Si nous eussions été moins confiants, il nous eût été facile de découvrir l'approche d'une catastrophe. Bonaparte était trop près de son berceau et de ses conquêtes ; son île funèbre devait être plus lointaine et entourée de plus de flots. On ne s'explique pas comment les alliés avaient imaginé de reléguer Napoléon sur les rochers où il devait faire l'apprentissage de l'exil : pouvait-on croire qu'à la vue des Apennins, qu'en sentant la poudre des champs de Montenotte, d'Arcole et de Marengo, qu'en découvrant Venise, Rome et Naples, ses trois belles esclaves, les tentations les plus irrésistibles ne s'empareraient pas de son coeur ? Avait-on oublié qu'il avait remué la terre et qu'il avait partout des admirateurs et des obligés, les uns et les autres ses complices ? Son ambition était déçue, non éteinte ; l'infortune et la vengeance en ranimaient les flammes : quand le prince des ténèbres du bord de l'univers créé aperçut l'homme et le monde, il résolut de les perdre.
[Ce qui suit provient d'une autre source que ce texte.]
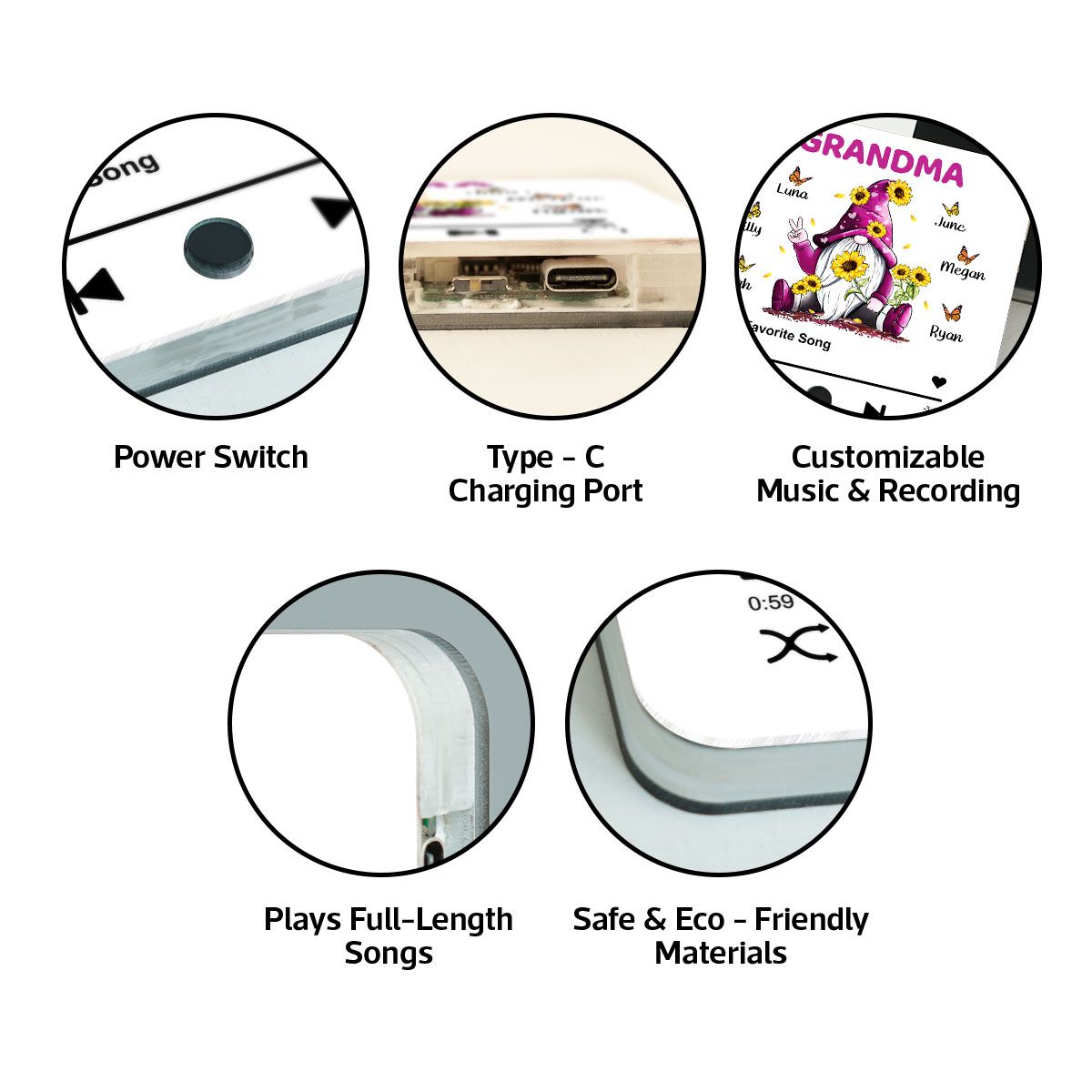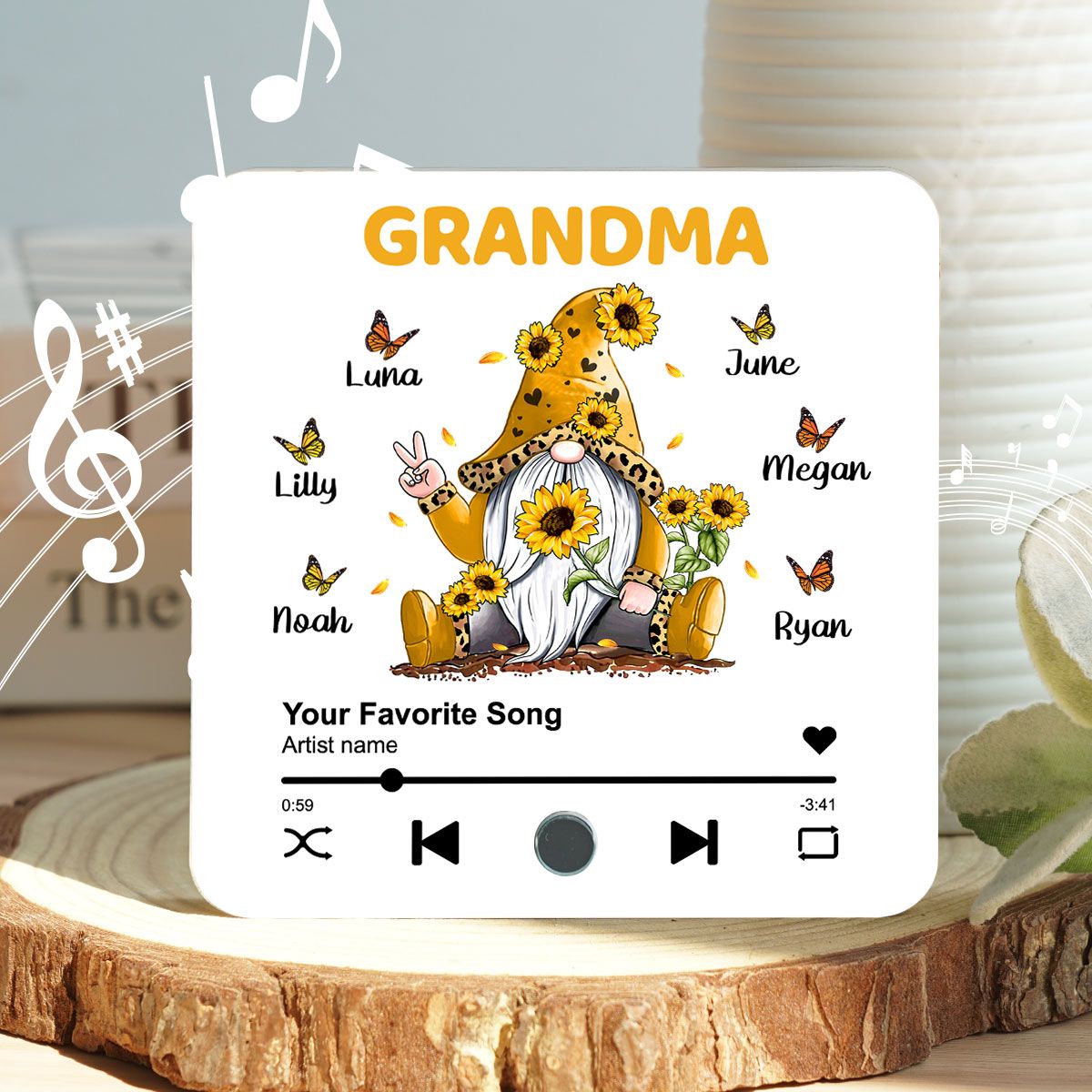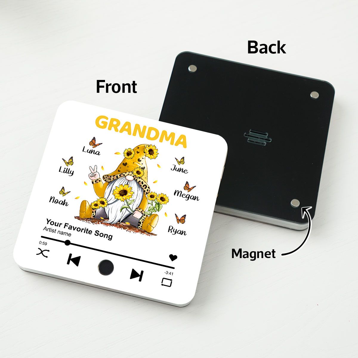 Sunflower Gnome Butterflies Grandma With Grandkids Personalized Music Fridge Magnet, Heartfelt Mother's Day Gift For Mom For Grandma

Avant d'éclater, le terrible captif se contint pendant quelques semaines. Auprès de l'immense pharaon public qu'il tenait, son génie négociait une fortune ou un royaume. Les Fouché, les Guzman d'Alfarache, pullulaient. Le grand acteur avait établi depuis longtemps le mélodrame à sa police et s'était réservé la haute scène ; il s'amusait des victimes vulgaires qui disparaissaient dans les trappes de son théâtre.
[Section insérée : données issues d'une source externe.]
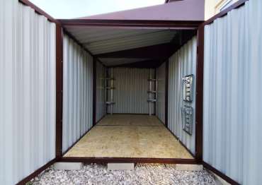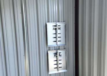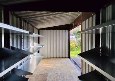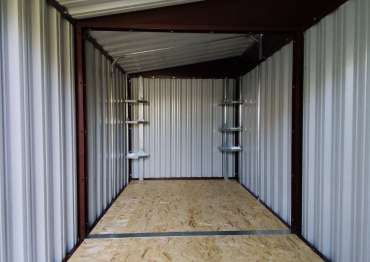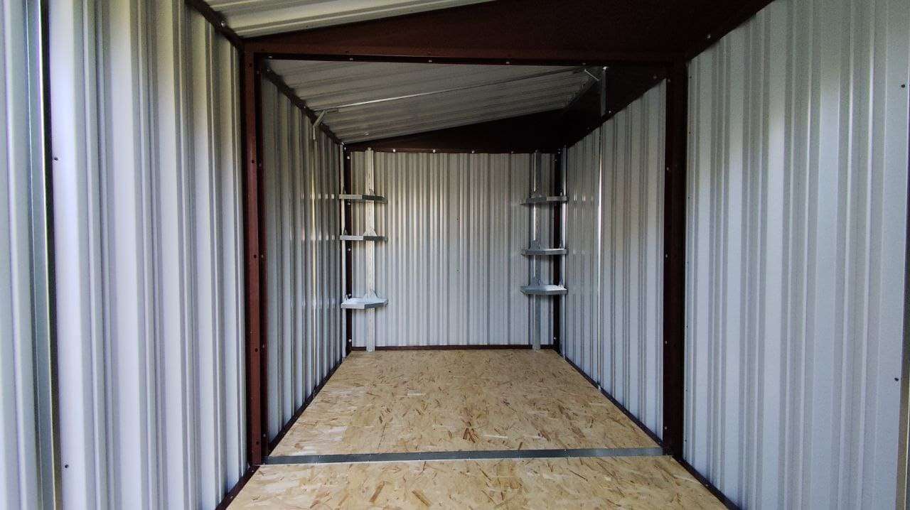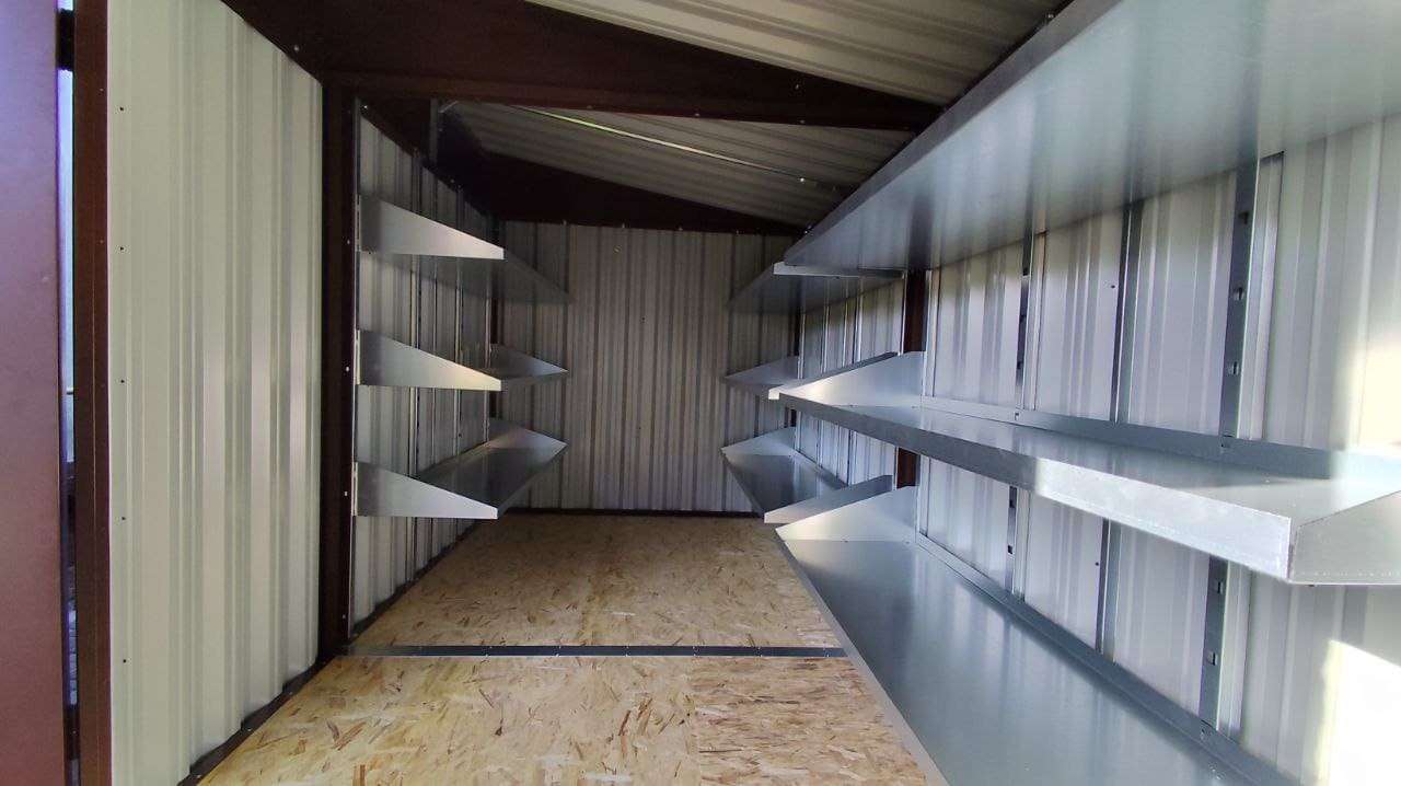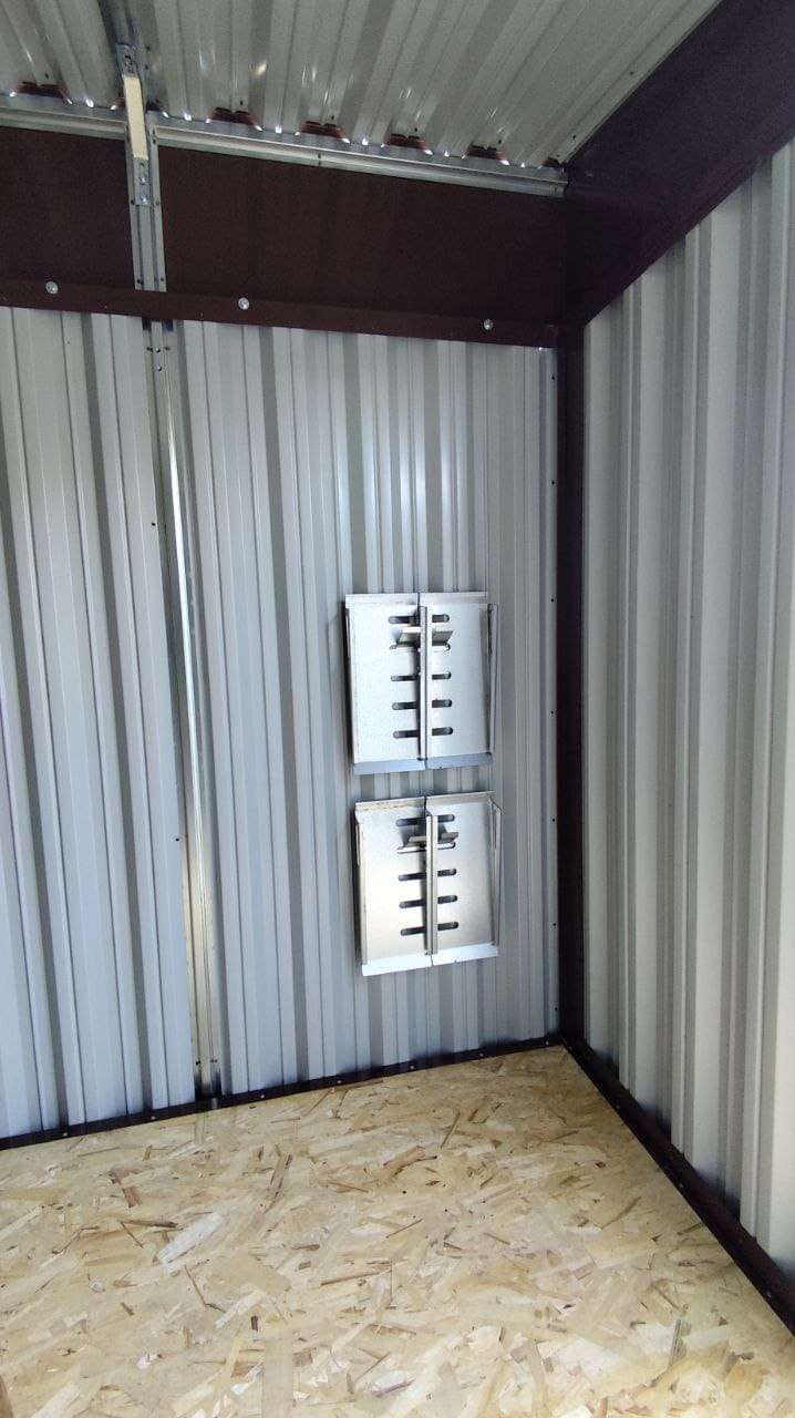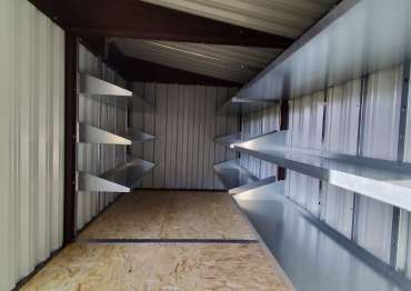 Для садового инвентаря нами была изготовлена стандартная 5-метровая конструкция с односкатной крышей и боковой воротной группой. Ее мы дополнительно оборудовали тремя стеллажами с тремя полками.

Le bonapartisme, dans la première année de la Restauration, passa du simple désir à l'action, à mesure que ses espérances grandirent et qu'il eut mieux connu le caractère faible des Bourbons. Quand l'intrigue fut nouée au dehors, elle se noua au dedans, et la conspiration devint flagrante. Sous l'habile administration de M. Ferrand, M. de Lavalette faisait la correspondance : les courriers de la monarchie portaient les dépêches de l'empire. On ne se cachait plus ; les caricatures annonçaient un retour souhaité : on voyait des aigles rentrer par les fenêtres du château des Tuileries, d'où sortait par les portes un troupeau de dindons ; le Nain jaune ou vert parlait de plumes de cane . Les avertissements venaient de toutes parts, et l'on n'y voulait pas croire. Le gouvernement suisse s'était inutilement empressé de prévenir le gouvernement du Roi des menées de Joseph Bonaparte, retiré dans le pays de Vaud. Une femme arrivée de l'île d'Elbe donnait les détails les plus circonstanciés de ce qui se passait à Porto-Ferrajo, et la police la fit jeter en prison. On tenait pour certain que Napoléon n'oserait rien tenter avant la dissolution du congrès, et que, dans tous les cas, ses vues se tourneraient vers l'Italie. D'autres, plus avisés encore, faisaient des voeux pour que le petit caporal , l' ogre , le prisonnier , abordât les côtes de France : cela serait trop heureux ; on en finirait d'un seul coup ! M. Pozzo di Borgo déclarait à Vienne que le délinquant serait accroché à une branche d'arbre. Si l'on pouvait avoir certains papiers, on y trouverait la preuve que dès 1814 une conspiration militaire était ourdie et marchait parallèlement avec la conspiration politique que le prince de Talleyrand conduisait à Vienne, à l'instigation de Fouché. Les amis de Napoléon lui écrivirent que s'il ne hâtait son retour, il trouverait sa place prise aux Tuileries par le duc d'Orléans : ils s'imaginent que cette révélation servit à précipiter le retour de l'empereur. Je crois à l'existence de ces menées, mais je crois aussi que la cause déterminante qui décida Bonaparte était tout simplement la nature de son génie.

La conspiration de Drouet d'Erlon et de Lefebvre-Desnouettes venait d'éclater. Quelques jours avant la levée de boucliers de ces généraux, je dînais chez M. le maréchal Soult, nommé ministre de la guerre le 3 décembre 1814 : un niais racontait l'exil de Louis XVIII à Hartwell ; le maréchal écoutait ; à chaque circonstance rappelée il répondait par ces deux mots : " C'est historique. " - On apportait les pantoufles de Sa Majesté. - " C'est historique ! " - Le Roi avalait, les jours maigres, trois oeufs frais avant de commencer son dîner. - " C'est historique ! " Cette réponse me frappa. Quand un gouvernement n'est pas solidement établi, tout homme dont la conscience ne compte pas, devient, selon le plus ou le moins d'énergie de son caractère, un quart, une moitié, un trois quarts de conspirateur ; il attend la décision de la fortune : les événements font plus de traîtres que les opinions.